┌──

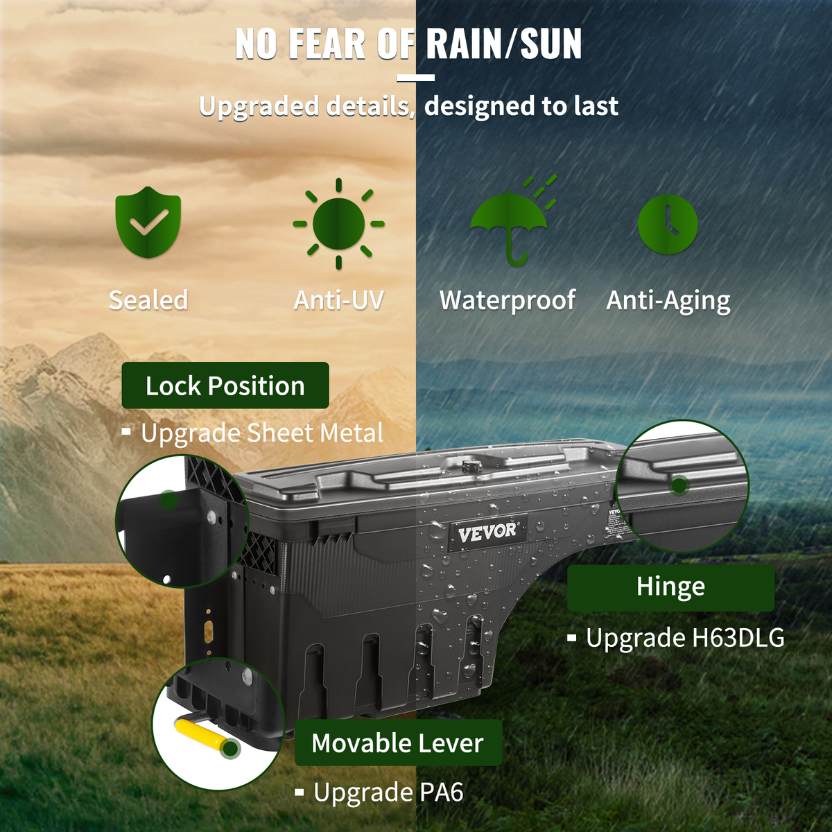 Toughness that Can't Be Matched: High-quality ABS composite material makes the VEVOR truck bed storage box lightweight while maintaining rigidness and durability. It protects your belongings against strong wind, water, and dust, and even stands up well to sun exposure. Don't let the elements ruin your day. As sleek as it gets while easy to clean and maintain!
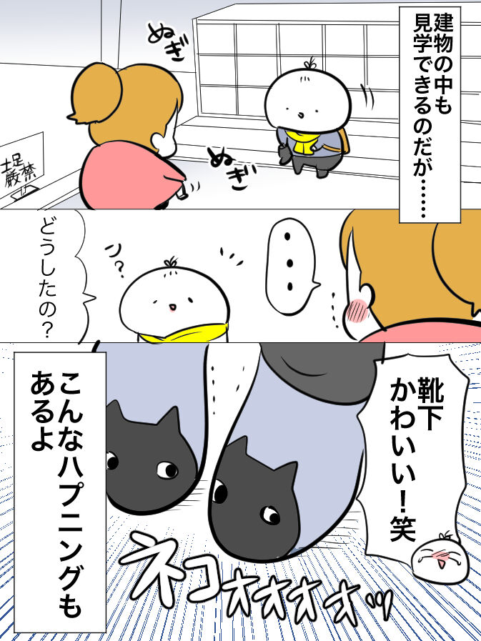 建物内を歩くので、ストッキングやタイツの方はフットカバーなど持参したほうが足が冷たくなくておすすめです。
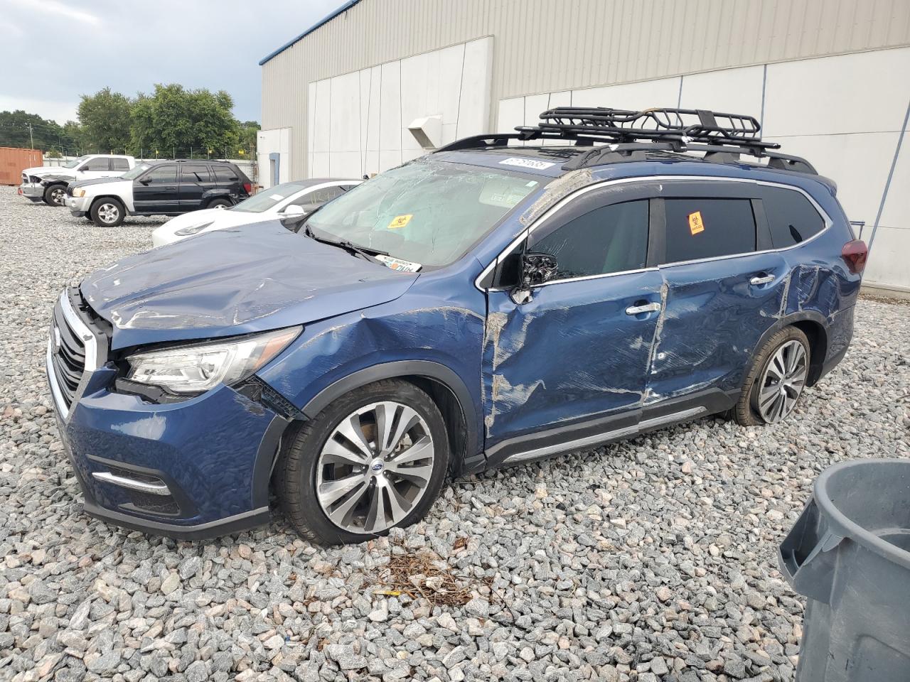 The SUBARU ASCENT TOU 2019 suffered extensive damage from a rollover. The exterior shows significant body panel damage, with visible impact on multiple sides. Lights and glasses are damaged. The interior shows signs of airbag deployment. The overall state reflects extensive damage requiring significant repairs, the car is not drivable in this condition.

└──

▶ [Problem statement]
Write out all the material verbatim, images excluded.

▶ [Output]
 Toughness that Can't Be Matched: High-quality ABS composite material makes the VEVOR truck bed storage box lightweight while maintaining rigidness and durability. It protects your belongings against strong wind, water, and dust, and even stands up well to sun exposure. Don't let the elements ruin your day. As sleek as it gets while easy to clean and maintain!
 建物内を歩くので、ストッキングやタイツの方はフットカバーなど持参したほうが足が冷たくなくておすすめです。
 The SUBARU ASCENT TOU 2019 suffered extensive damage from a rollover. The exterior shows significant body panel damage, with visible impact on multiple sides. Lights and glasses are damaged. The interior shows signs of airbag deployment. The overall state reflects extensive damage requiring significant repairs, the car is not drivable in this condition.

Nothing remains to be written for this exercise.